Noticed smoke coming from carb once when I shut it down.
It did fine sine 2004( model year) till I cut down some flowers. I hit an old ant hit and mower nearly stopped. Finished mowing, about 2/3 acre and did fine. Next time I mowed It sputtered and shut off about half way trhu mowing ( 30 min.) Thinking about putting plastic plug in carb. bowl.
Anyone have any suggestions?


----------



## K-B (Oct 24, 2005)

When it starts to shut down, try choking it and see if it continues running for a few extra seconds. Also, as soon as it shuts down check the spark. It's also possible that the vent in the fuel tank cap is plugged. Either try a new cap or try opening the cap when it starts to shut down and see if it continues running.

EDIT:
Check the flywheel key also, I'm not sure how that could cause your problem but it's possible that it sheared or partially sheared when you struck something.


----------



## smitty210 (Jul 27, 2010)

Tried chocking, dies anyway. I ran it about 20 minutes without the cap, still shut down. It does have a spark within seconds after it shuts down.( next time I'll wear gloves, gets hot). Have thought about key but I didn't check it because I didn't see how it would run at all. Also in my parts book, there is no key mentioned, only two bolts. Do some of these use bolts instead of keys? Any way I will check. At this point I am willing to try most anything. Is it possible the solenoid could work at times and just quit at times?

I did hit that old ant hill pretty hard, and it was pretty hard too after all the rain then the sun coming out as hot as it did.


----------



## K-B (Oct 24, 2005)

I wouldn't expect it to continue running with the choke, I just wanted to find out if it would run for a few seconds longer.
It certainly does have a key...part number 222698S. Engines will sometimes run even if the key is slightly sheared, although poorly. They would usually be hard to start, backfire, run rough or not go up to high RPM.

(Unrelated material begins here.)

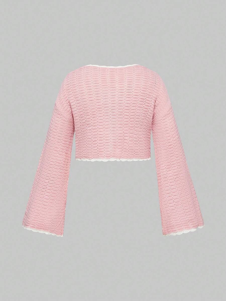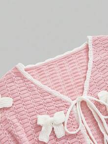 Kawaii Cardigan in maglia rosa con maniche a sbuffo, fiocco e orlo arricciato, taglia comoda, elegante e adorabile, adatto per l'autunno/inverno

Do you mean the fuel solenoid? If it is equipped with one, that certainly is a possibility.If you can't find an appropriate plug, try Briggs # 691657, (not sure if that plug will work if that engine has a Nikki carb). Or just replace the solenoid, #694393.


----------



## smitty210 (Jul 27, 2010)

Thanks for your input. I didn't have either of those numbers. I have some Honey-dos right now, but from what you've told me I think the key is the culprit. I'll pull the flywheel tomorrow and check it. May be late afternoon before I can get back, but I'll let you know what I find. It has backfired a couple times and does not run as smooth as it once did. 


Sorry I forgot, It died immediatly when I chocked it.

Thanks for your help


----------



## smitty210 (Jul 27, 2010)

I'm back. This may be a little premature, hope not. I haven't had time to pull the flywheel yet, but I did manage to replace the fuel solenoid with a plug. It has been running 1 hr. 3 min. as I am typing. I mowed the back yard ( 140 X 100 Ft.) parked it and it's still running. I mowed at a lower rpm, just to put more load on it. Seems to be ok at this time. I plan to put a manual fuel shut off on it to be safe. 1 hr. 8 min. now. will let it run until the gas in the tank is gone. As I say, it may be a little premature, but it looks like the fuel solenoid was the problem. I appreciate all your help.


----------



## K-B (Oct 24, 2005)

Good, hopefully you've nailed the problem.

The fuel solenoid does not shut off fuel to the carburetor, it only shuts off fuel flow to the main jet to prevent or minimize backfiring on shutdown. So installing a inline fuel shut off is not necessary.


----------



## smitty210 (Jul 27, 2010)

Well, it ran out of gas. About 3/4 tank. That's about what it takes to mow my yard. Put gas in it and except for the starter clicking a few times, it started up and ran just fine. Thought I had the starter problem solved when I adjusted the valves. I'll tackle that another day, but I think I'm ready to confirm that it is fixed.
Again, thanks for the help.


----------